Advances in Therapy 6/2019

Anti-MEK and Anti-EGFR mAbs in RAS-Mutant Metastatic Colorectal Cancer: Case Series and Rationale

Zeitschrift:
Advances in Therapy > Ausgabe 6/2019
Autoren:
Fanny Ledys, Valentin Derangère, Manon Réda, Jean-Florian Guion, Romily Milliex, Valérie Roux, Emeric Limagne, Laurent Arnould, Leila Bengrine, François Ghiringhelli, Cédric Rébé
Wichtige Hinweise

Electronic supplementary material

The online version of this article (https://​doi.​org/​10.​1007/​s12325-019-00949-y) contains supplementary material, which is available to authorized users.
Cédric Rébé and François Ghiringhelli share senior authorship of this article.

Enhanced Digital Features

To view enhanced digital features for this article go to https://​doi.​org/​10.​6084/​m9.​figshare.​7895069.

Abstract

KRAS (Kirsten rat sarcoma viral oncogene) or BRAF (v-raf murine sarcoma viral oncogene homolog B1) constitutive activation leads to anti-EGFR (epidermal growth factor receptor) therapy resistance of metastatic colorectal cancer patients.
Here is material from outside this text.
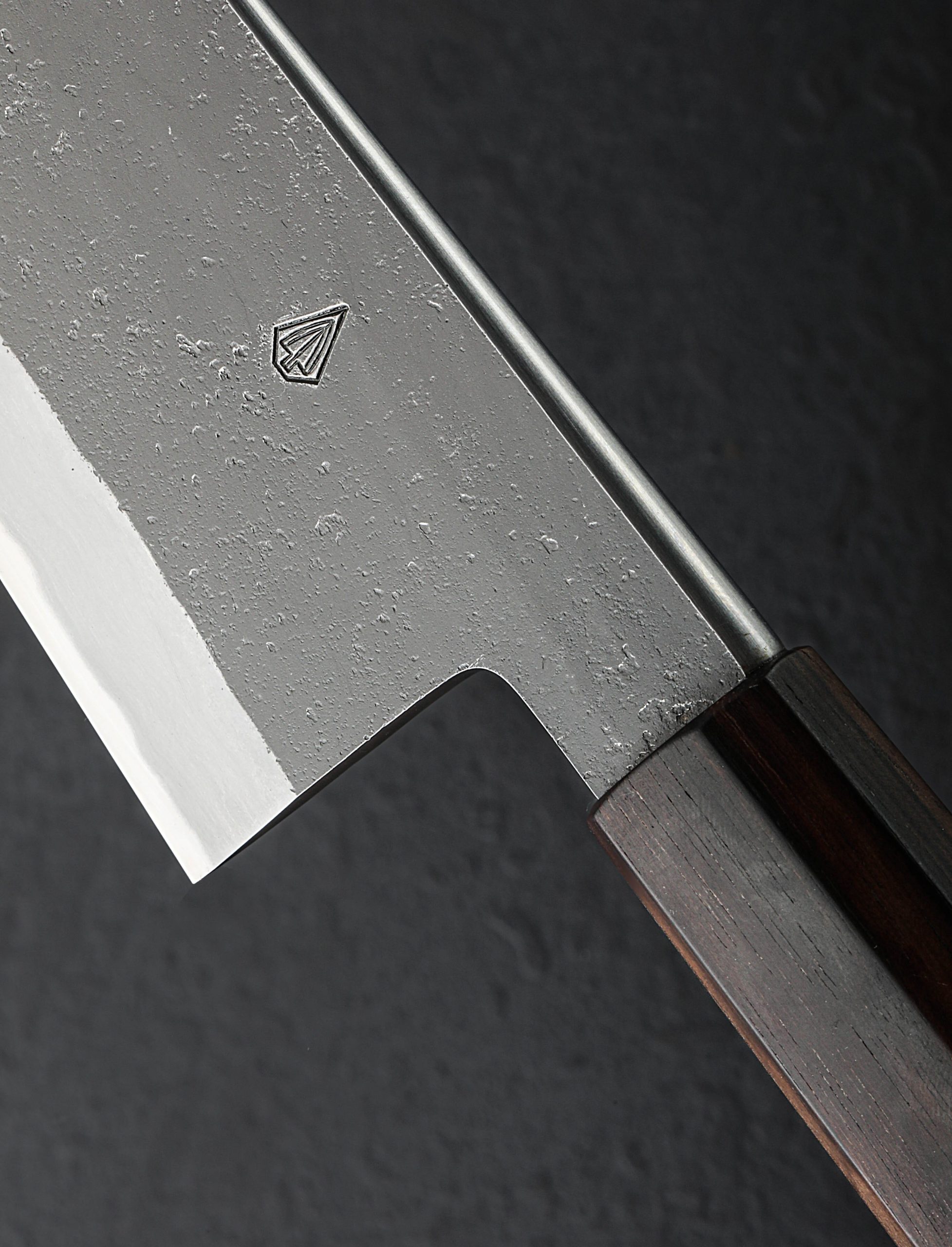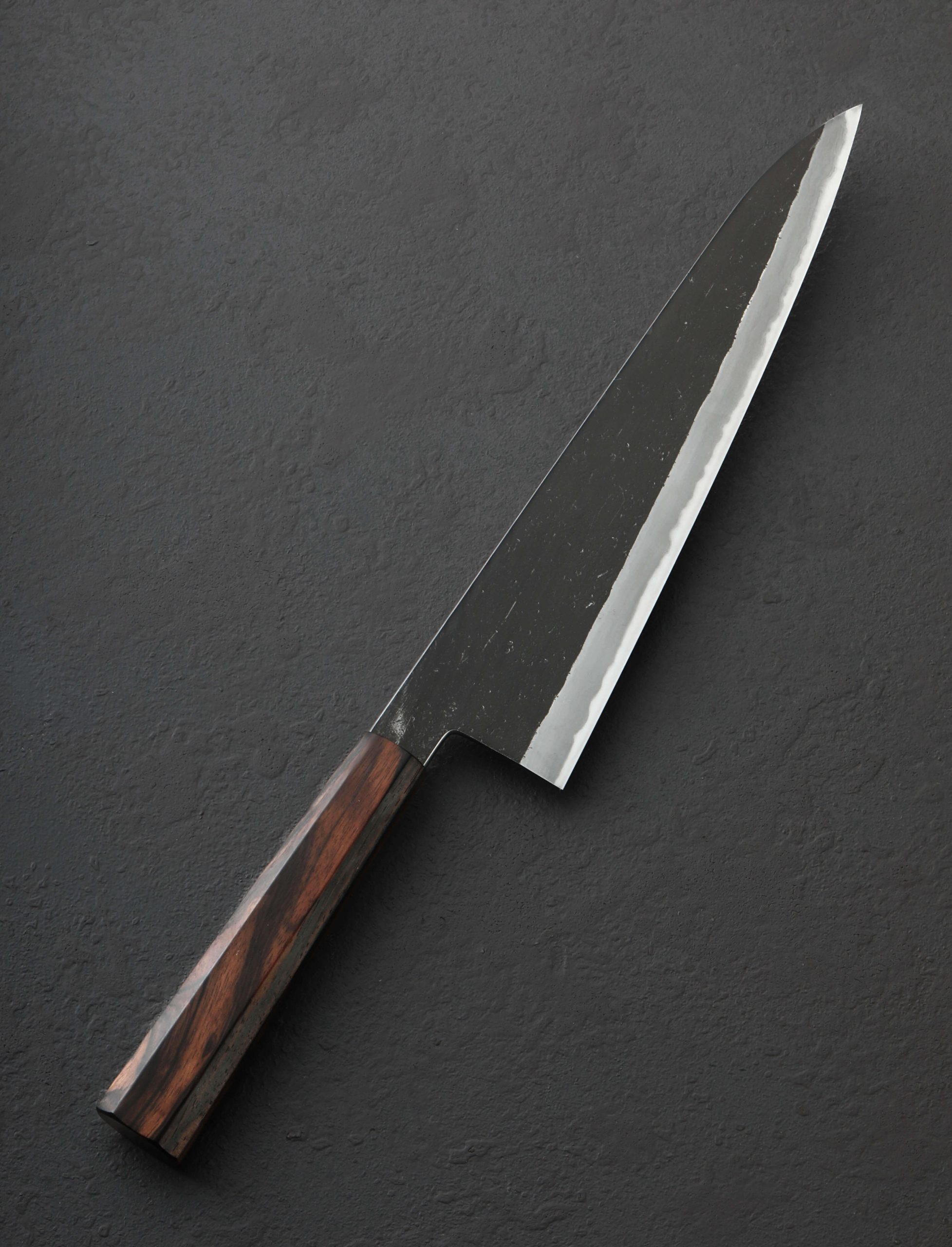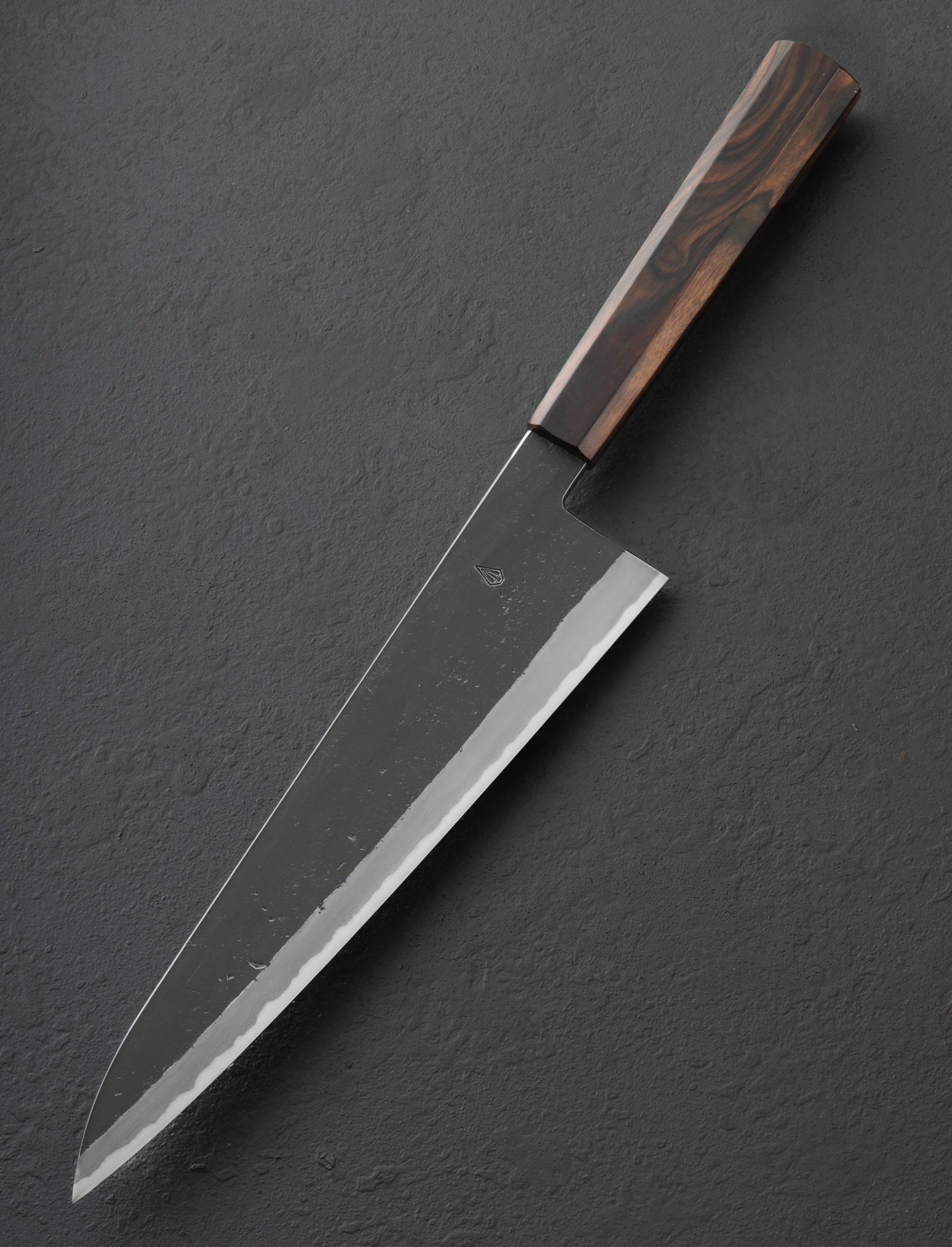 Dressed in Malaysian Ebony sculpted into a classic, octagonal wa style handle comes a 228mm / 9″ gyuto from Yanick Puig. At his studio in France Yanick crafts one-of-a-kind kitchen cutlery in traditional Japanese form from his own house-made san mai steel, quite similar to the blade formulas made in the East for hundreds of years from which Yanick draws his inspiration. In this case, 135Cr3 carbon steel, known for its simple, clean alloying and fine grain structure, is jacketed with cladding of vintage, wrought iron to produce a beautiful, versatile, and hair-popping sharp edge with convex bevels, kasumi finish, and forge-finished flats. The rounded, polished spine tapers steadily to a razor-thin tip for detail work, while the heel stands 55mm tall for all manner of chopping. Balanced, nimble, and quick in the hand, Yanick’s work is second to none.

In this article we investigate the effects of anti-MEK (mitogen-activated protein kinase) antibody (trametinib) combined with anti-EGFR (cetuximab) on colon cancer cell lines with different RAS statuses. Even though cetuximab has no effect on RAS cell viability and ERK (extracellular-signal-regulated kinase) phosphorylation (one of the last kinases of the EGFR pathway), trametinib can induce cell death and inhibit the activation of ERK alone or in combination with cetuximab. In a more pathologic context, we observed that KRAS colon cancer patient biopsies treated ex vivo with trametinib and cetuximab also present less ERK phosphorylation. Finally, nine ovarian, endometrial and colon cancer patients with different KRAS statuses were treated with anti-EGFR/anti-MEK combination off label after molecular tumor board decision. KRAS exon 2 patients have significantly longer PFS (progression-free survival) than with previous lines of treatments. We believe that such observations provide a rationale for designing a clinical trial to test this association in RAS exon 2 mutated cancers.